Même s’il s’agissait d’une série documentaire sur le football, il existait de meilleures méthodes pour aborder l’éléphant politique dans la pièce. En revanche, la façon dont la série traite l’équipe nationale iranienne et leur réponse à la situation horrible qui se produisait pendant qu’ils jouaient était bien meilleure. Il expose ouvertement et honnêtement le meurtre systématique de femmes qui manifestaient dans le pays et le danger que pourraient courir les joueuses à cause de leur propre déclaration.

Le montage est de classe mondiale, avec certaines des meilleures reconstitutions et montages de matchs de football. Il existe une multitude d’angles de caméra qui semblent individuels par rapport aux caméras de diffusion. Ceux-ci permettent de prendre des photos rapprochées et personnelles des footballeurs dans leurs meilleurs et pires moments, et les mouvements sont extrêmement fluides. Pour les grands matchs, il n’y a pas que les buts qui comptent. La vitesse des joueurs, les tacles croustillants et les batailles sur tout le terrain sont magnifiquement capturées. La musique est superbe et augmente l’intensité de chaque situation. L’immédiat lendemain des résultats, dans les tunnels des stades ou dans les rues, entretient l’émotion au-delà du terrain lui-même. L’utilisation du commentaire officiel du match signifie que la plupart des matchs sont racontés par Peter Drury. Inconnu des personnes extérieures au sport, Drury est considéré comme un poète, l’un des meilleurs commentateurs modernes. Il a une voix et un vocabulaire immédiatement reconnaissables qui peuvent donner des frissons dans le dos.

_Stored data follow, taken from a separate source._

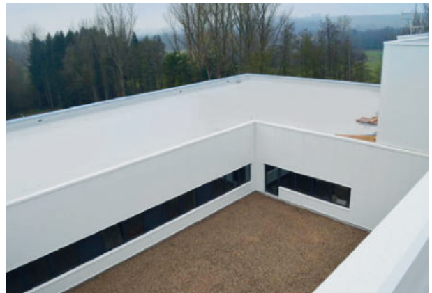
Infineon Warstein, ExtruPol Dachabdichtung, 3.500 m 2
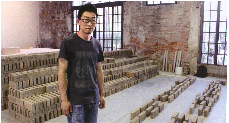
Untitled 2015 (14,086), le Thaïlandais Rikrit Tiravanija, Arsenal

Un beau programme de performances au fil des expositions mais aussi dans un espace dédié, l'Arena, amène une dimension vivante fort appréciable. Cette édition se révèle toutefois figée dans son format, et les questionnements peu généreux à l'égard du public qui doit se promener avec son guide s'il veut mieux saisir ce qui se joue dans la confrontation des œuvres. Avec poésie et modestie, avec un humour empreint de la gravité que donne toute observation attentive des états du monde, les œuvres réunies résonnent longuement et dessinent un horizon collectif plutôt sombre. Elles naissent de la rencontre entre le proche et le lointain, entre le dedans et le dehors, entre des réalités maintenues séparées par l'organisation des sociétés. Il est plus que jamais nécessaire de penser un événement tel que la biennale comme
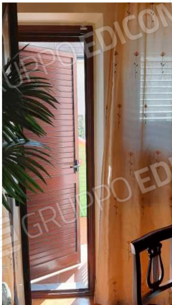
Uscita al terrazzino dallo studio.
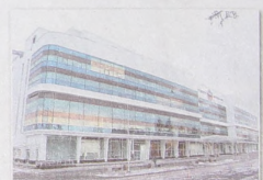
Футбол-арена «Енисей» – единственный крытый футбольный манеж в крае

Capitaines du Monde pose ses propres problèmes. En raison de la brillance de la plupart des épisodes, c’est l’absence des autres qui fait le plus mal. Le montage est formidable et les interviews sont aussi approfondies et aussi étoilées que possible. Et passer du temps avec chaque équipe de football n’est pas tout à fait réaliste ou réalisable. Le contenu possible aurait pu donner lieu à 32 épisodes au sein de la série. Mais six, c’est beaucoup trop court. Cela peut entraîner la précipitation de certaines pièces et l’omission complète d’autres. Dix épisodes offriraient plus d’espace, voire huit. Les moments clés sont revécus et étonnamment explorés et c’est un spectacle très invitant pour ceux qui sont nouveaux ou inexpérimentés en ce qui concerne ces joueurs et leurs personnalités. Les cinéastes sont clairement fantastiques, parmi les meilleurs du genre. Mais cela doit être déchirant d’être un fan d’une nation qui a assisté à la Coupe du monde, pour ensuite se retrouver complètement sous-représenté dans le documentaire officiel.

Capitaines du Monde est disponible sur Netflix.

Capitaines du monde

7/10

TL;DR

Capitaines du Monde pose ses propres problèmes. Les cinéastes sont clairement fantastiques, parmi les meilleurs du genre. Mais cela doit être déchirant d’être un fan d’une nation qui a assisté à la Coupe du monde, pour ensuite se retrouver complètement sous-représenté dans le documentaire officiel.